• [Activity]
Your task is to restate the listing word for word without the pictures.

• [Provided data]
========================================================================
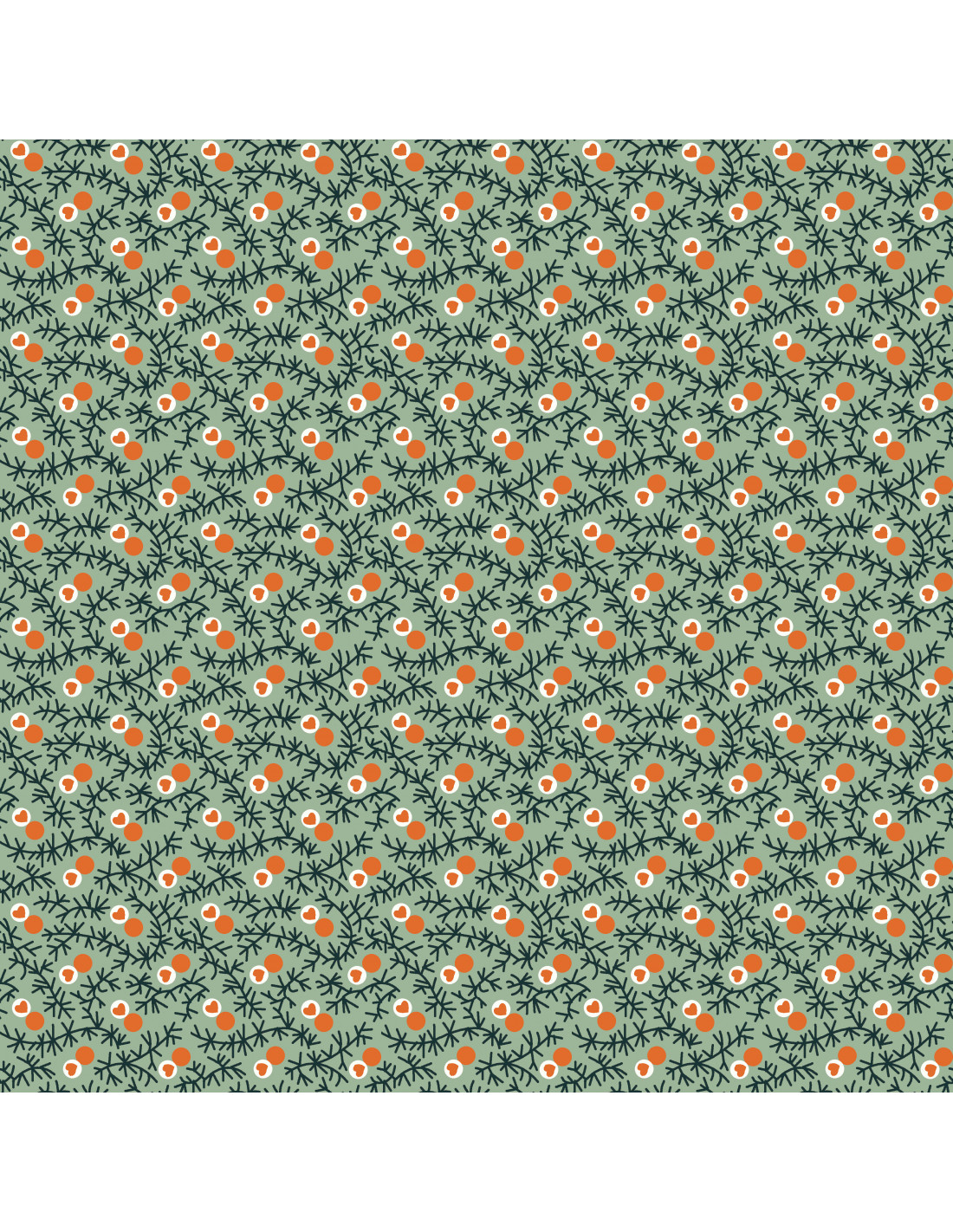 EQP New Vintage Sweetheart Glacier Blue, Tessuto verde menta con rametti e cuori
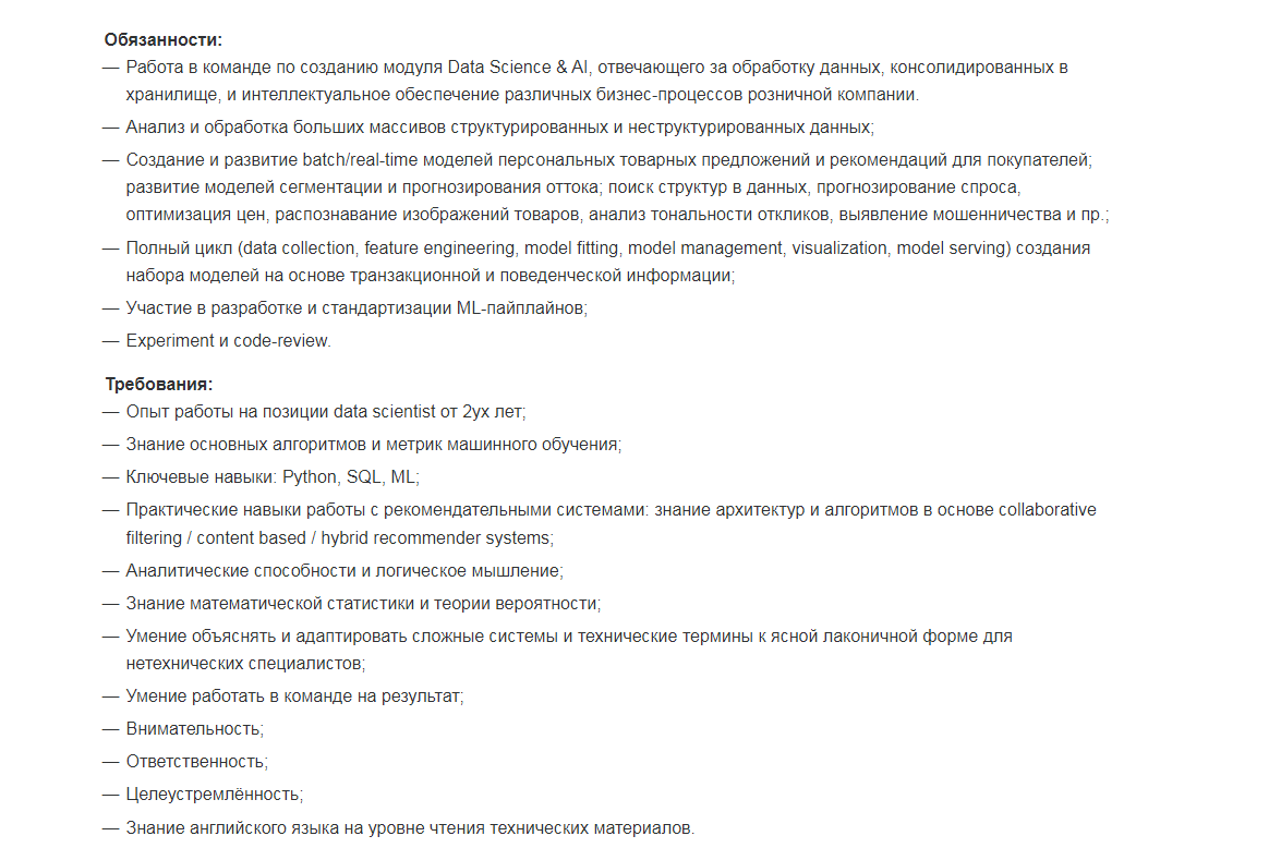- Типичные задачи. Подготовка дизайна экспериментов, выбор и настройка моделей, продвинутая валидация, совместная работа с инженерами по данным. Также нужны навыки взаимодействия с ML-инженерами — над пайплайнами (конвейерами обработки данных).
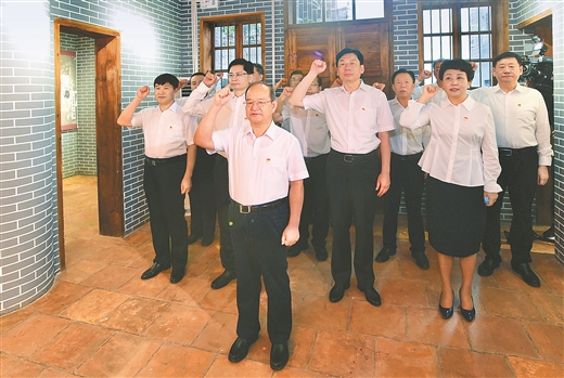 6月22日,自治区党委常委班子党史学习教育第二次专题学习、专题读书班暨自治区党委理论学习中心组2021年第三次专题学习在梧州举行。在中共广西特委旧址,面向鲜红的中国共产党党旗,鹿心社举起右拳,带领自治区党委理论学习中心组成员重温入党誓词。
========================================================================
• [Written response]
 EQP New Vintage Sweetheart Glacier Blue, Tessuto verde menta con rametti e cuori
- Типичные задачи. Подготовка дизайна экспериментов, выбор и настройка моделей, продвинутая валидация, совместная работа с инженерами по данным. Также нужны навыки взаимодействия с ML-инженерами — над пайплайнами (конвейерами обработки данных).
 6月22日,自治区党委常委班子党史学习教育第二次专题学习、专题读书班暨自治区党委理论学习中心组2021年第三次专题学习在梧州举行。在中共广西特委旧址,面向鲜红的中国共产党党旗,鹿心社举起右拳,带领自治区党委理论学习中心组成员重温入党誓词。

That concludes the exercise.